Output exactly the lines that come between the start of the material and the line containing "X says Yes, I'm", both ends included, with the pictures omitted.

DATA PROVIDED →
★ ★ ★ ★
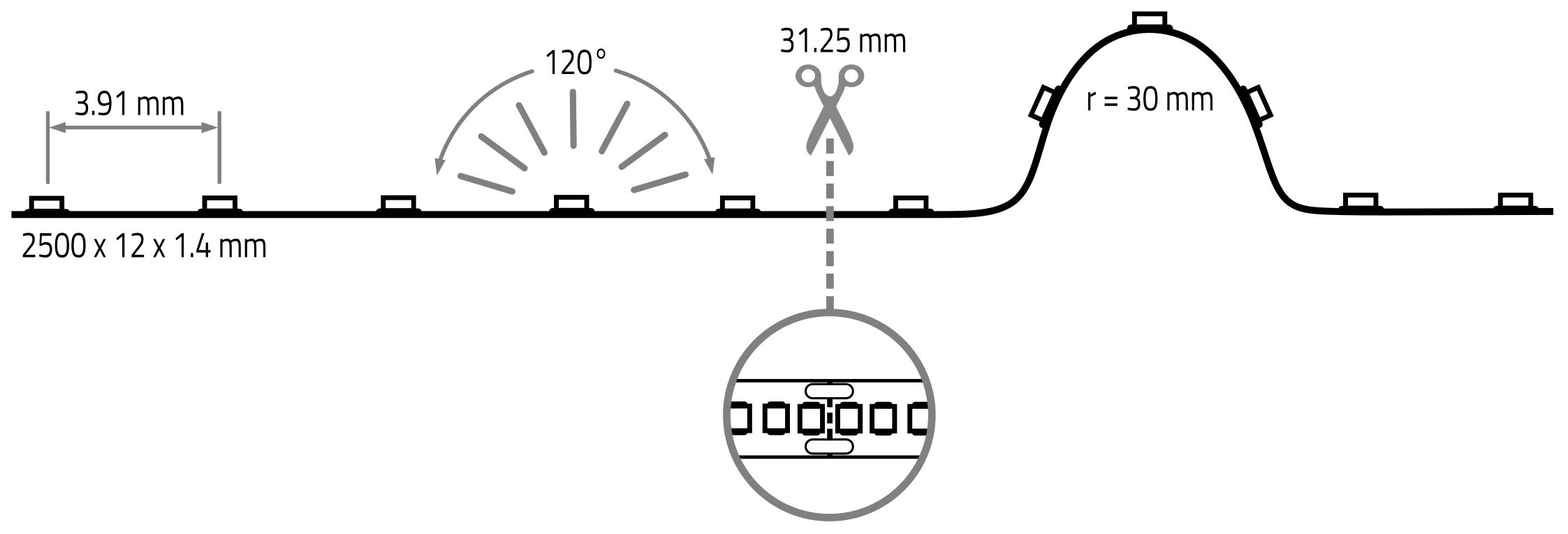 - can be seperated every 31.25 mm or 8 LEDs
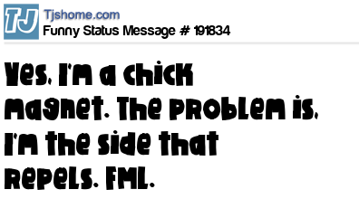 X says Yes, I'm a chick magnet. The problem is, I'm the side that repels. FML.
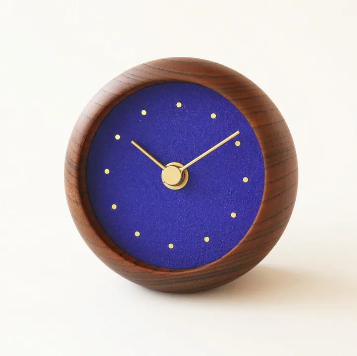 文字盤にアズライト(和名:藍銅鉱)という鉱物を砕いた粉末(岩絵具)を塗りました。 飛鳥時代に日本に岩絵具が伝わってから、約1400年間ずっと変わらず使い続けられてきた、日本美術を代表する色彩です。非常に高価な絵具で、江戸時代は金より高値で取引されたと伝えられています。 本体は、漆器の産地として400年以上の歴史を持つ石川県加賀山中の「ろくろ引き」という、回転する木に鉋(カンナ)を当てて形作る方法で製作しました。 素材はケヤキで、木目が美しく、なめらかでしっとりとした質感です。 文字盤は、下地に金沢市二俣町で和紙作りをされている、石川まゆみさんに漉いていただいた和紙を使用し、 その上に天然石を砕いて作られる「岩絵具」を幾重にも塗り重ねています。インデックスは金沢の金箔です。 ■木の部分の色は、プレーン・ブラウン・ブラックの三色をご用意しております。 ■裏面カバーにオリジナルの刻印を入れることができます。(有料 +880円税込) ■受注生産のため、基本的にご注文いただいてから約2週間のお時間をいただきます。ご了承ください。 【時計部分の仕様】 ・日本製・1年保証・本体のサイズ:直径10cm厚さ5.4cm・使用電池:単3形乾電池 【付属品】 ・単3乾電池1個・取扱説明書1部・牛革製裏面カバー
★ ★ ★ ★
RESULT →
 - can be seperated every 31.25 mm or 8 LEDs
 X says Yes, I'm a chick magnet. The problem is, I'm the side that repels. FML.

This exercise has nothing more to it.